Recorded data:
------------------------

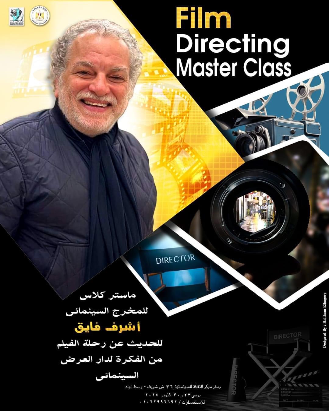 يقيم مركز الثقافة السينمائية، والتابع للمركز القومي للسينما برئاسة مدير التصوير حسين بكر ماستر كلاس للمخرج السينمائي أشرف فايق بعنوان “رحلة الفيلم من الفكرة لدار العرض السينمائي”، وذلك يومي الأربعاء الموافق ٢٣ أكتوبر والأربعاء ٣٠ أكتوبر الجاري.
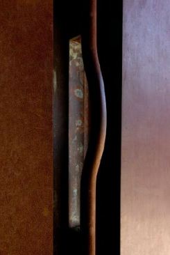 Scarpa’s choosing to set the solar array front and center, plus the use of industrial materials such as steel and concrete make for a look that’s modern, to be sure. But those cool elements are balanced by the warmth of wood. They are also offset by thoughtful, handmade touches. The front door is metal and measures 6 feet by 10 feet, with a forged steel bar stretching from top to bottom. To relieve the door’s massive feel, Scarpa (trained as a sculptor) wanted to add a tactile, simple element. At door-handle height, the floor-to-ceiling bar is bent, forming a bump-out, inside of which nestles a piece of naturally oxidized metal. The speckled metal serves as a grip, its green patina adding texture and visual interest, a small, functional bit of sculpture interrupting the vast flat plane of steel. This quiet flourish sets up a balance of industrial with handmade—a balance that helps the Yin-Yang House to wear its name well.
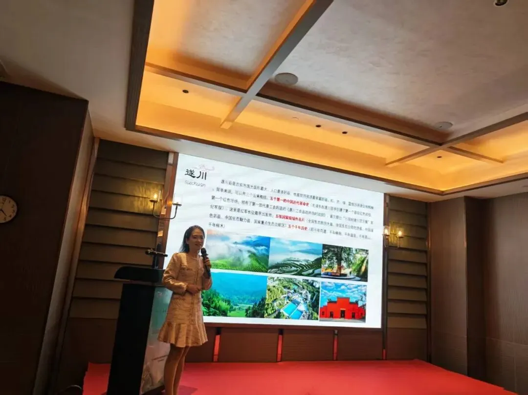 遂川县文化广电旅游局党委书记、局长黄海年主持推介会。遂川县政协副主席、文旅康养产业集群专班副链长袁美英出席并致辞。
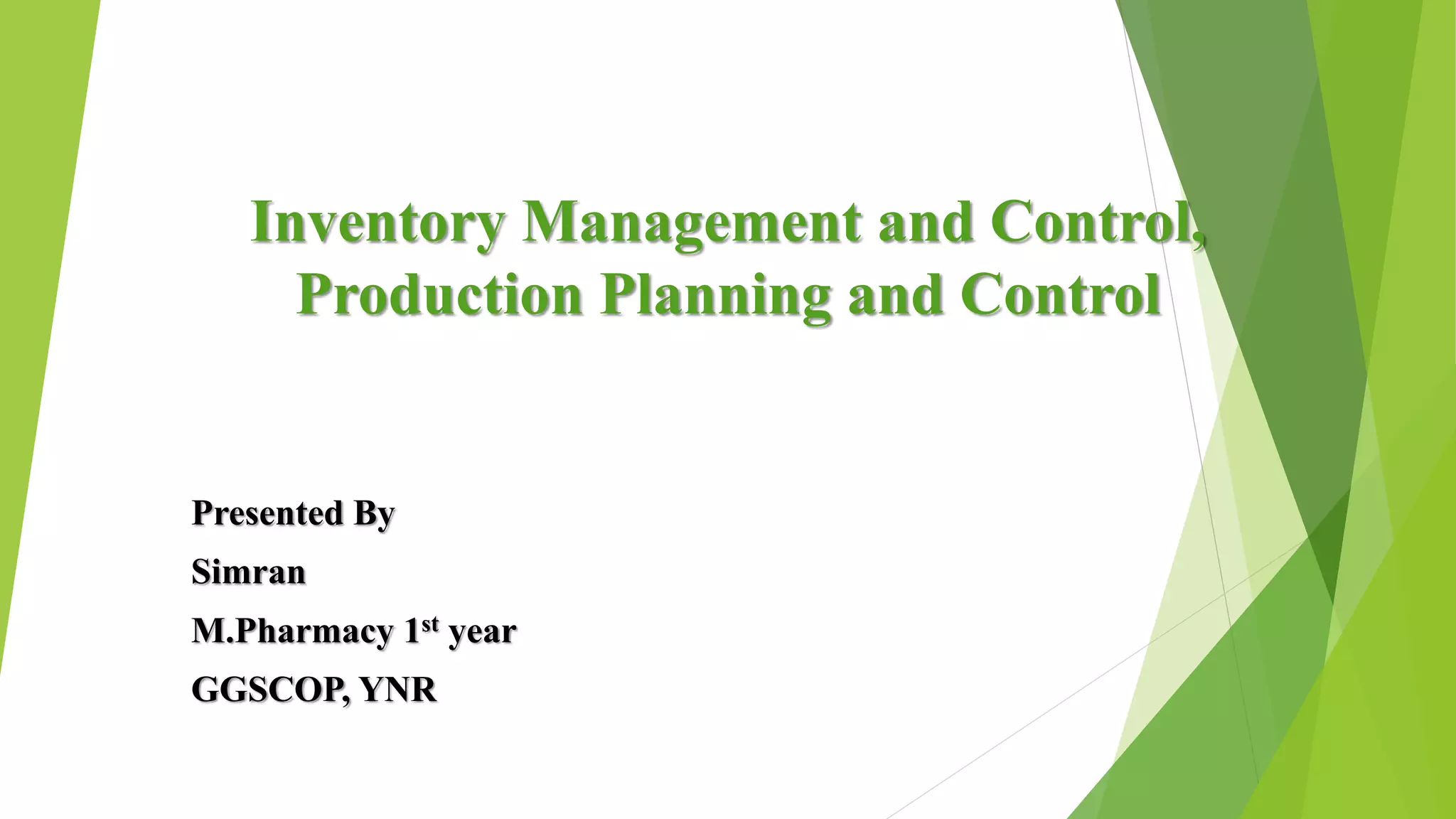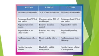 This document provides an overview of inventory management, production planning, and control. It discusses key objectives like minimizing costs and ensuring adequate supply. Inventory management techniques include ABC analysis, VED analysis, EOQ, lead time, and buffer stock. Production planning determines facility requirements and layout, while production control monitors plan execution and addresses deviations. The perpetual inventory system uses bin cards, store ledgers, and continuous stock taking to regularly check and prevent stockouts.
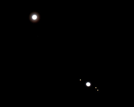 | These 450 x 360 pixel JPEG image are of the close 23 February, 1999 conjunction of Venus and Jupiter, as observed from Sun City, AZ. |
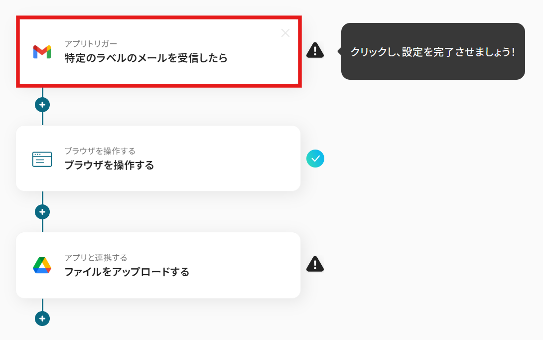 まず、一番上の「特定のラベルのメールを受信したら」のアイコンをクリックします。
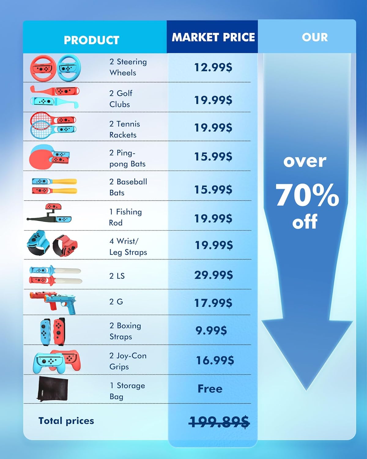 Lleva la diversion al maximo nivel con este mega kit de accesorios deportivos 24 en 1 para tu Nintendo Switch Es el paquete definitivo para armar las mejores competencias en familia y no aburrirse nunca mas en la casa
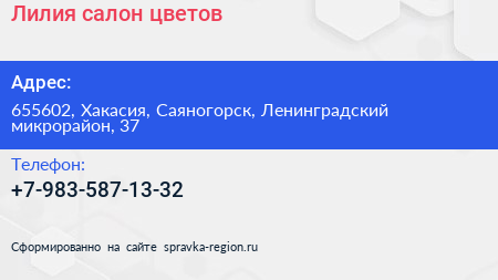 Лилия, салон цветов по адресу 655602, Хакасия, Саяногорск, Ленинградский микрорайон, 37 в дальнейшем Организация, размещена в следующих категориях:

------------------------

The task:
Repeat each record verbatim, pictures excluded.

Expected answer:
 يقيم مركز الثقافة السينمائية، والتابع للمركز القومي للسينما برئاسة مدير التصوير حسين بكر ماستر كلاس للمخرج السينمائي أشرف فايق بعنوان “رحلة الفيلم من الفكرة لدار العرض السينمائي”، وذلك يومي الأربعاء الموافق ٢٣ أكتوبر والأربعاء ٣٠ أكتوبر الجاري.
 Scarpa’s choosing to set the solar array front and center, plus the use of industrial materials such as steel and concrete make for a look that’s modern, to be sure. But those cool elements are balanced by the warmth of wood. They are also offset by thoughtful, handmade touches. The front door is metal and measures 6 feet by 10 feet, with a forged steel bar stretching from top to bottom. To relieve the door’s massive feel, Scarpa (trained as a sculptor) wanted to add a tactile, simple element. At door-handle height, the floor-to-ceiling bar is bent, forming a bump-out, inside of which nestles a piece of naturally oxidized metal. The speckled metal serves as a grip, its green patina adding texture and visual interest, a small, functional bit of sculpture interrupting the vast flat plane of steel. This quiet flourish sets up a balance of industrial with handmade—a balance that helps the Yin-Yang House to wear its name well.
 遂川县文化广电旅游局党委书记、局长黄海年主持推介会。遂川县政协副主席、文旅康养产业集群专班副链长袁美英出席并致辞。
 This document provides an overview of inventory management, production planning, and control. It discusses key objectives like minimizing costs and ensuring adequate supply. Inventory management techniques include ABC analysis, VED analysis, EOQ, lead time, and buffer stock. Production planning determines facility requirements and layout, while production control monitors plan execution and addresses deviations. The perpetual inventory system uses bin cards, store ledgers, and continuous stock taking to regularly check and prevent stockouts.
 | These 450 x 360 pixel JPEG image are of the close 23 February, 1999 conjunction of Venus and Jupiter, as observed from Sun City, AZ. |
 まず、一番上の「特定のラベルのメールを受信したら」のアイコンをクリックします。
 Lleva la diversion al maximo nivel con este mega kit de accesorios deportivos 24 en 1 para tu Nintendo Switch Es el paquete definitivo para armar las mejores competencias en familia y no aburrirse nunca mas en la casa
 Лилия, салон цветов по адресу 655602, Хакасия, Саяногорск, Ленинградский микрорайон, 37 в дальнейшем Организация, размещена в следующих категориях:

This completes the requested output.